A economia brasileira deve ter crescido perto de zero no primeiro semestre e o resultado do ano deve ser inferior aos 2,5% de expansão de 2013, segundo o presidente do Banco Central (BC), Alexandre Tombini. Traduzida para a linguagem corrente, foi essa a avaliação apresentada no Senado na terça-feira. A tradução ainda é suave, mas muito menos que o discurso original. Diante dos senadores, o presidente Tombini usou palavras macias para falar da crise: "Na avaliação do Banco Central, o ritmo de expansão da atividade econômica em 2014 tende a ser menos intenso do que o observado no ano passado, mostrando moderação, próximo da estabilidade, no primeiro semestre, e recuperação ao longo do segundo semestre deste ano". No caso de um país emergente, descrever um ritmo inferior a 2,5% como "menos intenso" é abusar do eufemismo, especialmente quando o próprio BC já cortou de 2% para 1,6% sua projeção de aumento do Produto Interno Bruto (PIB).
Apesar do excesso de açúcar, a fala do presidente do BC foi geralmente fiel aos fatos conhecidos - pelo menos para o ouvinte razoavelmente informado e em condições de ultrapassar as barreiras da linguagem. O baixo crescimento neste ano e nos três anteriores é apenas parte de um cenário mais assustador. Para avançar com maior velocidade e maior firmeza, a economia brasileira precisará investir muito mais, e com muito maior eficiência, em máquinas, equipamentos, construções privadas e infraestrutura. Esse investimento foi muito baixo nos últimos anos e ainda caiu no primeiro semestre de 2014. Mas a história parece muito menos desagradável na linguagem do presidente do BC. "Prospectivamente", disse ele, "minha avaliação é de que o desempenho da formação de capital neste ano será menos favorável do que o observado em 2013."
No ano passado, o investimento correspondeu a pouco mais de 18% do PIB. Nos 12 meses terminados no primeiro trimestre de 2014, ficou em 17,7%. Os dados parciais da primeira metade do ano indicam produção e importação de máquinas e equipamentos menores que as de um ano antes. O total investido na capacidade produtiva será neste ano ainda mais distante da meta, anunciada e repetida pelo governo, de 24% do PIB. Essa proporção ainda será inferior à da maior parte dos outros países emergentes, incluídos vários latino-americanos.
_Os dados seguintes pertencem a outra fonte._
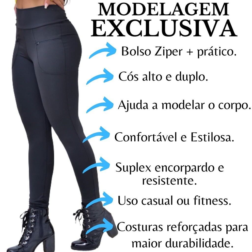 Calça Legging Leg Feminina Cintura Alta Montaria Bolso Ziper P-34 ao G4-60
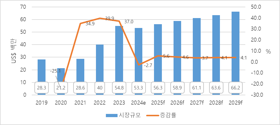 코로나19 팬데믹의 영향으로 2020년 시장 규모는 전년 대비 25.1% 감소한 2120만 달러까지 위축됐으나, 이후 빠른 회복세를 보였다. 2021~2023년 동안 두 자릿수 성장률을 이어가며, 2023년에는 5480만 달러로 전년 대비 37% 급증했다. 다만, 2024년에는 기저효과와 수요 조정으로 전년 대비 2.7% 감소한 약 5330만 달러를 기록하며, 일시적인 조정 국면을 맞이했다. 이후에는 연평균 3~5%대의 안정적인 성장세가 지속될 것으로 전망된다.

Sem negar explicitamente os fatos conhecidos e as projeções contidas até nos documentos do BC. Tombini conseguiu, no entanto, adoçar consideravelmente a descrição.
Com igual cuidado, ele se absteve de confrontar o desempenho econômico do Brasil com os de países emergentes mais dinâmicos e com taxas de inflação bem menores. Na descrição do cenário internacional, mencionou a série de revisões, para baixo, das projeções de crescimento publicadas por várias fontes nacionais e internacionais. As tendências observadas até agora, segundo ele, confirmam a expectativa de recuperação global mais lenta que a prevista no ano passado. A recuperação provavelmente continuará, ressalvou o presidente do BC, mas só ganhará mais impulso quando os espíritos animais dos empresários forem restabelecidos totalmente.
Até aí, a análise émuito parecida com a de muitos outros especialistas. Mas o presidente do BC comete uma espécie de contrabando, em sua descrição da cena global, ao tratar como parte de uma tendência geral a piora das previsões para a economia brasileira. A revisão para baixo das projeções de crescimento, segundo ele, "engloba países avançados, como os Estados Unidos, assim como economias emergentes, como o México, a China, o Brasil", etc.
As revisões, de fato, são gerais, mas é um tanto abusivo diluir o caso brasileiro nesse conjunto. O desempenho do Brasil tem sido, há anos, bem pior que o da maioria dos emergentes e as projeções para o País, neste e nos próximos quatro ou cinco anos, continuam muito ruins. Os obstáculos ao crescimento brasileiro são na maior parte de origem interna. Não se pode examiná-los adequadamente sem uma discussão franca da política econômica. O discurso do presidente do BC passou longe desse quesito.